A failing grade for the stress test

A failing grade for the stress test

A failing grade for the stress test

The notion that more stringent qualifying requirements will provide the stability needed to handle an inevitable rise in interest rates and slow down an unsustainable housing market is a story that is easy to tell. Low interest rates, skyrocketing real estate markets and a continuing increase in debt-to-income ratios fuel the perceived need to slow things down, reduce borrowing power and, frankly, check ourselves before we wreck ourselves. The latest solution – the B-20 stress test – has been rolling for well over a year and is failing on three fronts.

First, the policy is disproportionately impacting smaller markets by painting the entire housing market with the same brush. Yes, the GTA and GVA make up most of the real estate in Canada, but an attempt to slow down these markets with policy that governs the entire country is fundamentally flawed.

For example, Alberta continues to feel the pain of a weakened economy. Housing is stable, but prices are down and inventory is still high. With low job creation in the province, fewer potential buyers are looking to enter the market. The last thing Alberta needs is a tougher barrier for entry into homeownership. Alberta wasn’t in the middle of a hot real estate market in the first place.

The same story can be told in parts of BC, the rest of the Prairies, and many parts of Ontario, Quebec and Atlantic Canada. Macro national housing policy is easy to implement, but it misses the fact that real estate markets are extremely micro. Further, it doesn’t solve the problem.
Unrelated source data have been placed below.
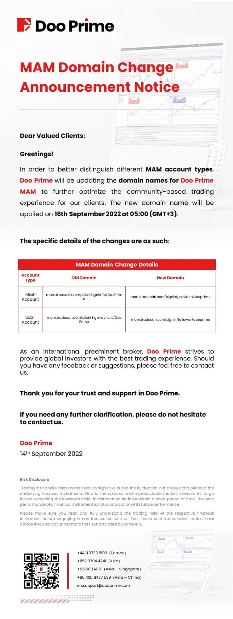 Doo Prime MAM Domain Change Announcement Notice
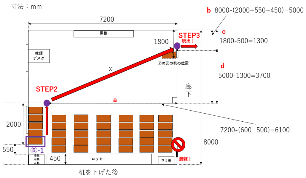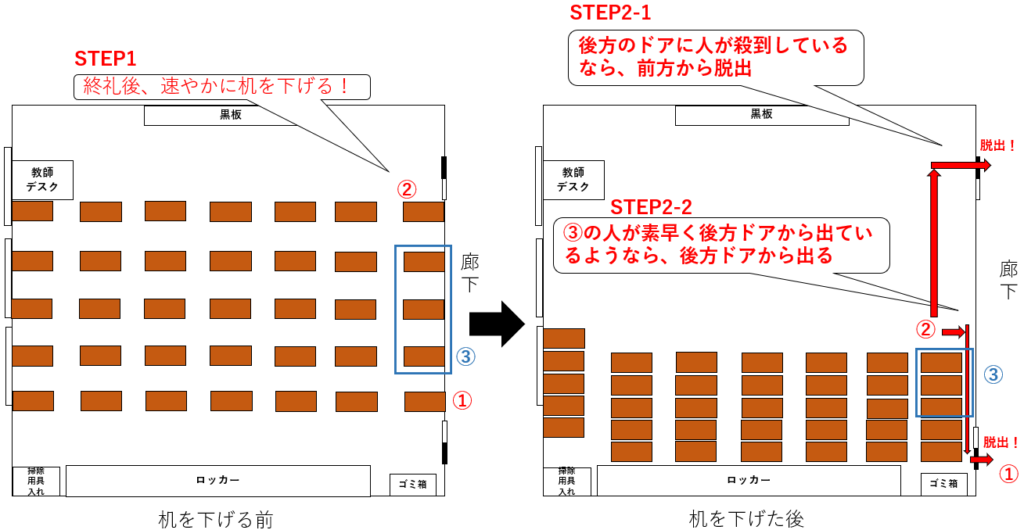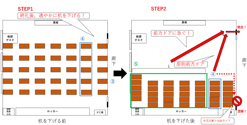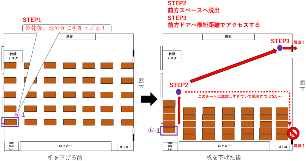 上図7-1の通り、⑤-1は机を下げた(STEP1)後、まず教室の前方スペースへ出る(STEP2)必要がある。この後は、他の生徒の動き次第ではあるものの、理想的には前方ドアへ最短距離で直進(STEP3)し、教室を脱出するという流れになる。
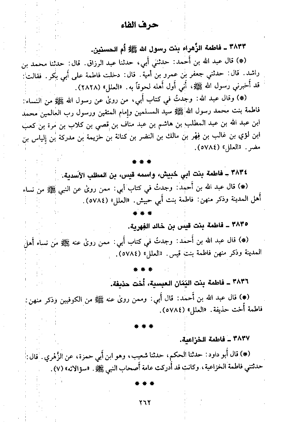 • وقال عبد الله: وجدت في كتاب أبي، من روى عن رسول الله صلى الله عليه وسلم من النساء: فاطمه بنت محمد رسول الله صلى الله عليه وسلم سيد المسلمين وإمام المتقين ورسول رب العالمين محمد بن عبد الله بن عبد المطلب بن هاشم بن عبد مناف بن قصي بن كلاب بن مره بن كعب بن لؤي بن غالب بن فهر بن مالك بن النضر بن كنانه بن خزيمة بن مدركة بن إلياس بن مضر. «العلل» (5784) .
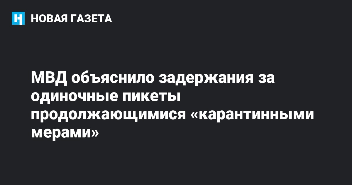 В МВД объяснили задержания за одиночные пикеты тем, что в стране продолжают действовать меры по профилактике распространения коронавируса. Как передает Интерфакс, такой ответ министерство предоставило Союзу журналистов России, члены которого потребовали объяснить им причины задержания во время одиночных акций.
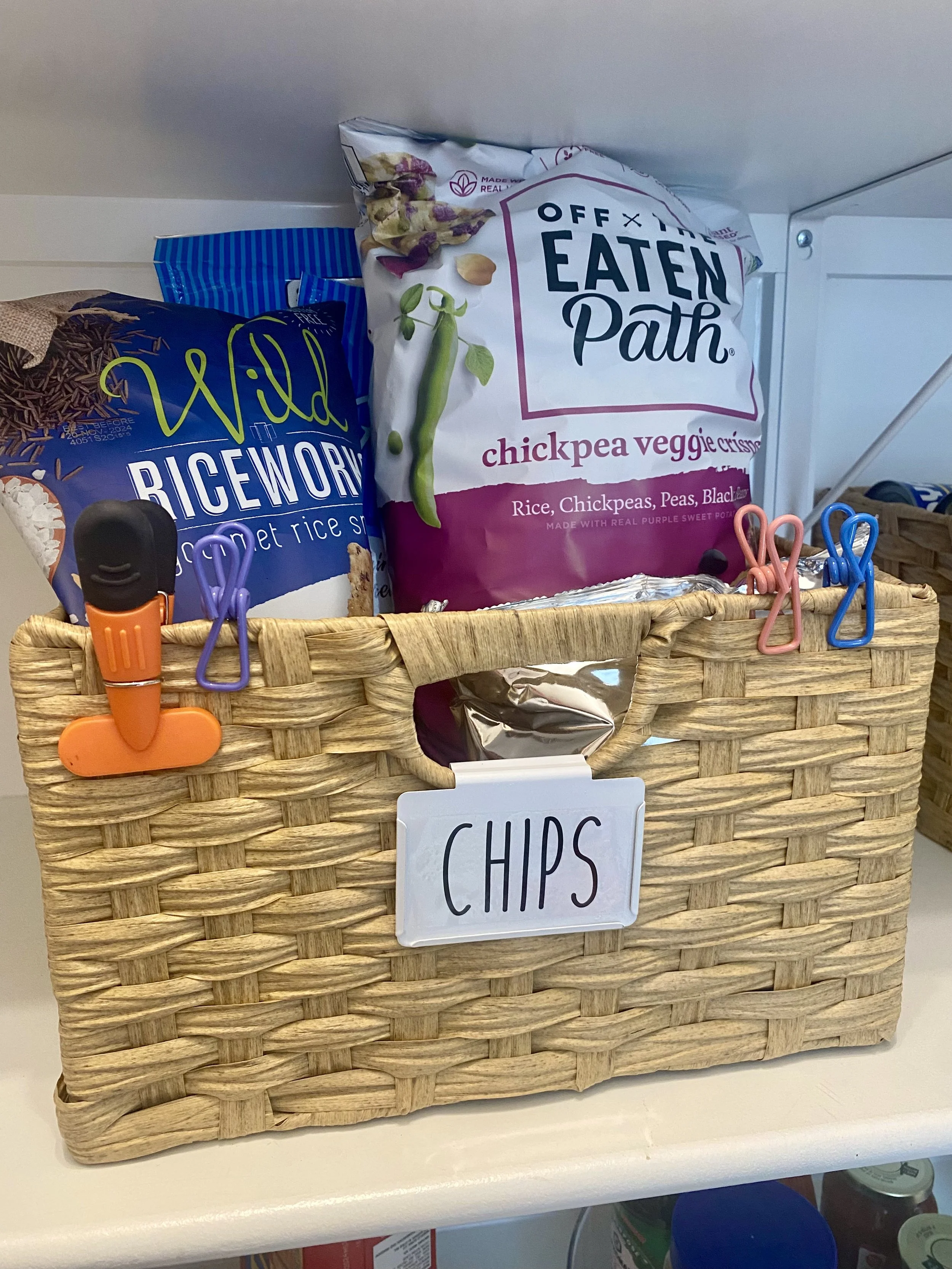Wicker basket labeled "Chips" containing bags of rice and chickpea snacks on a shelf.
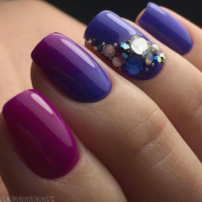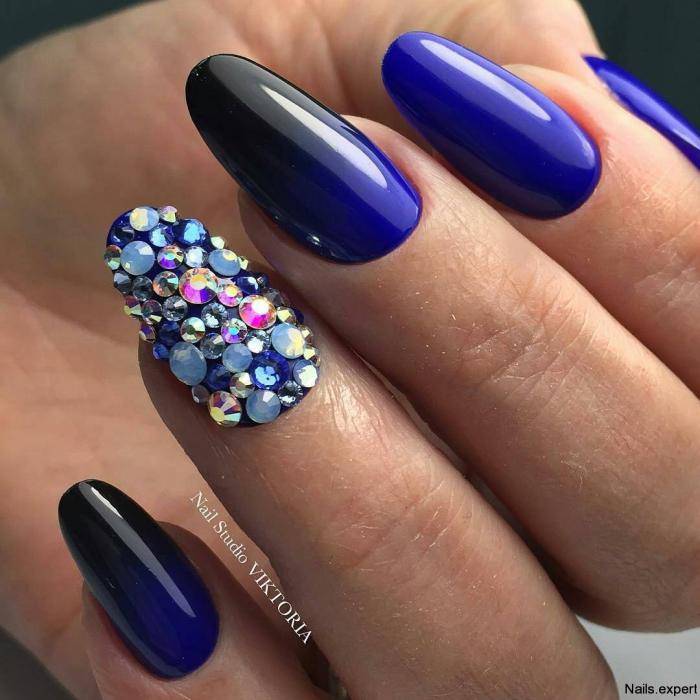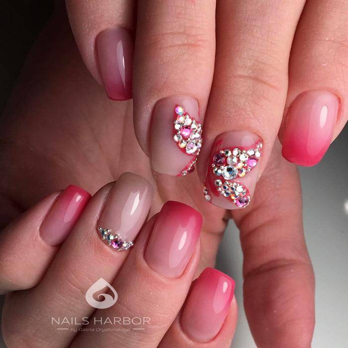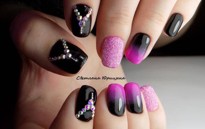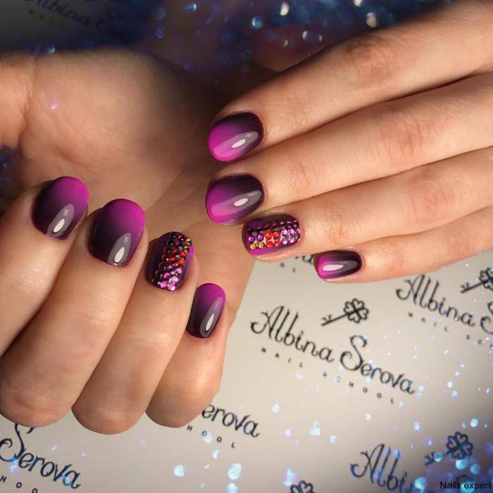 Градиентный маникюр вполне можно сочетать с блестками, стразами, фольгой, рисунками.
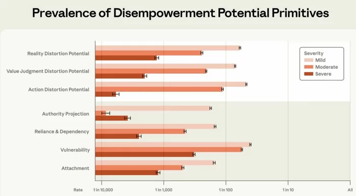Учёные из Anthropic и University of Toronto проанализировали (https://arxiv.org/pdf/2601.19062) почти 1,5 миллионов диалогов с ИИ и выяснили: примерно один из 1300 разговоров приводит к искажению восприятия реальности, а один из 6 тысяч — к опасным действиям.
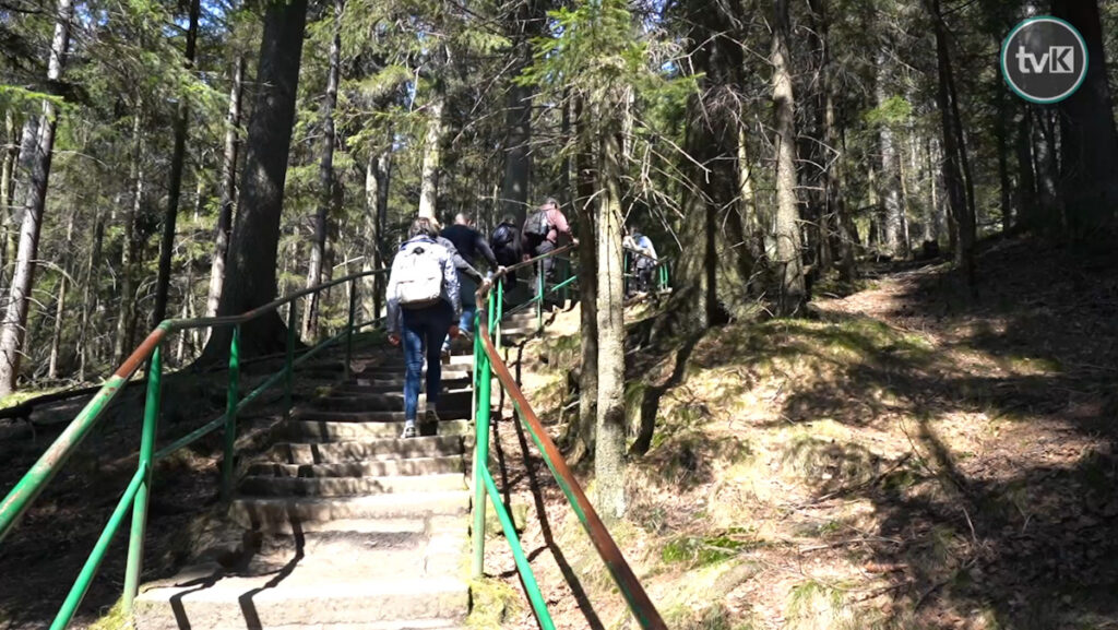 Trasa na szczyt wiedzie przez skalne labirynty oraz metalowe i kamienne schody. Na szczycie znajduje się platforma widokowa, która nosi nazwę Tron Liczyrzepy lub Fotel Pradziada.

The hot markets have remained quite strong; Vancouver has seen a bigger drop, but this is likely due to the layering of multiple policy changes, both provincially and federally. What the policy has done more than slow down hot markets is push people into alternative lending options. Private lenders and MICs have seen record growth over the past 18 months.

Another problem is that the current stress test – at the greater of 200 basis points over the contract rate or the qualifying rate (currently 5.34%) – is simply too high of a number. The test reduces potential buying power by about 18%, and it can be argued that it does not need to be this much.

We are overshooting the impact of potential rate increases. In fact, with today’s stress test, we are accounting for almost a doubling of rates. As recently as April 2019, CIBC Capital Markets deputy chief economist Benjamin Tal questioned this number and suggested a rethinking of the stress test. Much lobbying has been done by Mortgage Professionals Canada and others to have this number cut in half.

The bigger issue is that, fundamentally, the policy in its current state is not dynamic and cannot pivot quickly enough. It’s not surprising that a regulatory policy isn’t fluid, but the trouble is that rate markets are. Last year, a potential buyer would have been looking at five-year fixed rates of 3.50% and qualifying close to 2% higher via the stress test. The same buyer today would be looking at a much lower rate of about 2.70% but still qualifying at 5.34%, or 2.64% above their contract rate.

The easiest solution is to not use an arbitrary qualifying rate as a minimum and instead simply add onto the contract rate. An equalling of the playing field, whether the mortgage is insured, insurable or uninsurable, would at least have all borrowers today qualifying at 4.70% instead of 5.34%.

The higher qualifying rate is concerning because lenders that use this posted rate when calculating payout penalties and have no interest in decreasing it when rates drop. The larger discount they provide, the more runway they have to charge a larger penalty should the mortgage be broken mid-term. Over the last six months, we have seen rates drop by close to 1%, yet the qualifying rate or posted rate has remained unchanged. This opens up the potential for record-high payout penalty costs.

Perhaps we should turn the stress test on its head and put a stress test on lenders’ posted rates – namely, a posted rate cannot exceed 200 basis points above the discounted rate offered.

Joe Jacobs has been a mortgage broker since 2004 and is a partner with Mortgage Connection. He is a regular commentator for outlets such as MoneySense magazine, the Calgary Herald and BNN.